Franz Sanchez. Played by Robert Davi in Licence to Kill (1989)
In an era defined by sterile, polite villains, Davi's drug lord was a welcome throwback to the classic sneering bad guy of old, the kind of villain who simply seeps pure evil. The underrated character actor/opera singer (The Goonies, Die Hard) makes the hilariously sadistic Sanchez work where many others couldn't have - he's cheesy and threatening at the same time.
Raoul Silva. Played by Javier Bardem in Skyfall (2012)
Narrowly pipping Mads Mikkelsen's Le Chiffre in the modern Bond villain stakes, Bardem's vengeful "asset" reintroduced method actor menace to the position of Bond's nemesis, and the film benefitted greatly. It will be interesting to see how Christoph Waltz fares in Bardem's wake, whoever he's playing.
The Stinkest Bond Villains
Hugo Drax. Played by Michael Lonsdale in Moonraker (1979)
Despite his cool-ass villain name, Drax typified the non-threatening nature of many of Moore's villains. Luckily Jaws (Richard Kiel) was around to cause supplementary havoc, having first appeared in the previous entry, The Spy Who Loved Me. If Blofeld is back in the new Bond film, surely Jaws is next? We deserve a new Jaws. Michael Shannon should play him.
Max Zorin. Played by Christopher Walken In A View To A Kill (1985)
The product of a Nazi super-baby genetics programme, Zorin was probably the closest thing the Bond series ever got to spilling over into self-mockery. Walken's comically over-the-top rendition was difficult to take seriously. Grace Jones was pretty good, though.
Elliot Carver. Played Jonathan Pryce in Tomorrow Never Dies (1997)
A one-note riff on a potentially intriguing idea - Rupert Murdoch-esque media mogul as Bond villain - Carver's name promised a degree of threat that never materialised.

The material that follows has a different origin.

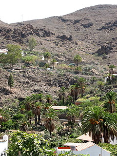 Elindultunk befelé a sziget belseje felé vezető legközelebbi (GC60) úton, hogy felfedezzük a környéket. Első állomásunk egy, az őslakosok életét bemutató kiállítás lett volna (kb. 6 km-re), de nem nagyon fűlt hozzá a fogunk, mivel ekkora már tikkasztó nagy meleg lett (persze ez csak fokozódott a nap folyamán), így továbbindultunk csak felfelé., s ahogy haladtunk előre, a táj is lassan kezdett megváltozni. A kopár és vöröses tájat kezdetben kaktuszok, később pálmafák, sőt citromligetek kezdték tarkítani. Fataga, egy csendes, árnyat adó(!) fákkal benőtt völgy mélyén lévő kicsiny falu, mely a déli szieszta alatti álmát aludta. (A névre kattintva – ahogy a továbbiakban is – másik ablakba be lehet hívni a Google térképének megfelelő pontját. A “-” ikonra kattintva bővítheted a megjelenő területet – a szerk.)

Pryce later cut a much more amusing line in Bond-esque villainy as the cackling President in GI Joe: Retaliation.
Robert Carlyle in The World Is Not Enough (1999)

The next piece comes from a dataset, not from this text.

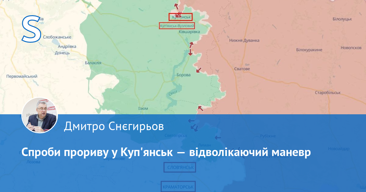 Дії російських окупантів у районі Куп'янська мають саме інформаційний характер. Тобто росіяни хочуть показати, що удар по Куп'янську — це і є основний напрямок їхнього наступу. Це класична схема «тисячі порізів» — одночасне завдавання ударів по декількох напрямках з метою відволікання оперативних резервів ЗСУ з ключових напрямків російського наступу, а це — Донецька область.

As an ex-KGB agent with a bullet permanently lodged in his brain, the man who just three years earlier had left audiences battered and bruised as the iconically aggro Begbie in Trainspotting, failed to project anything close to the level of badassery demanded by a Bond Villain. Carlyle's not to blame, pretty much all the Pierce Brosnan-era villains were written as (bad) cartoon characters.
Dominic Greene. Played by Mathieu Amalric in Quantum of Solace. (2008)
I have seen Quantum of Solace but I cannot remember a single thing about it. I believe there was car chase at one point? And a bit in a cave maybe? One thing is for sure, the villain, played by acclaimed French actor Amalric (who recently directed and starred in a really great thriller), was totally lame.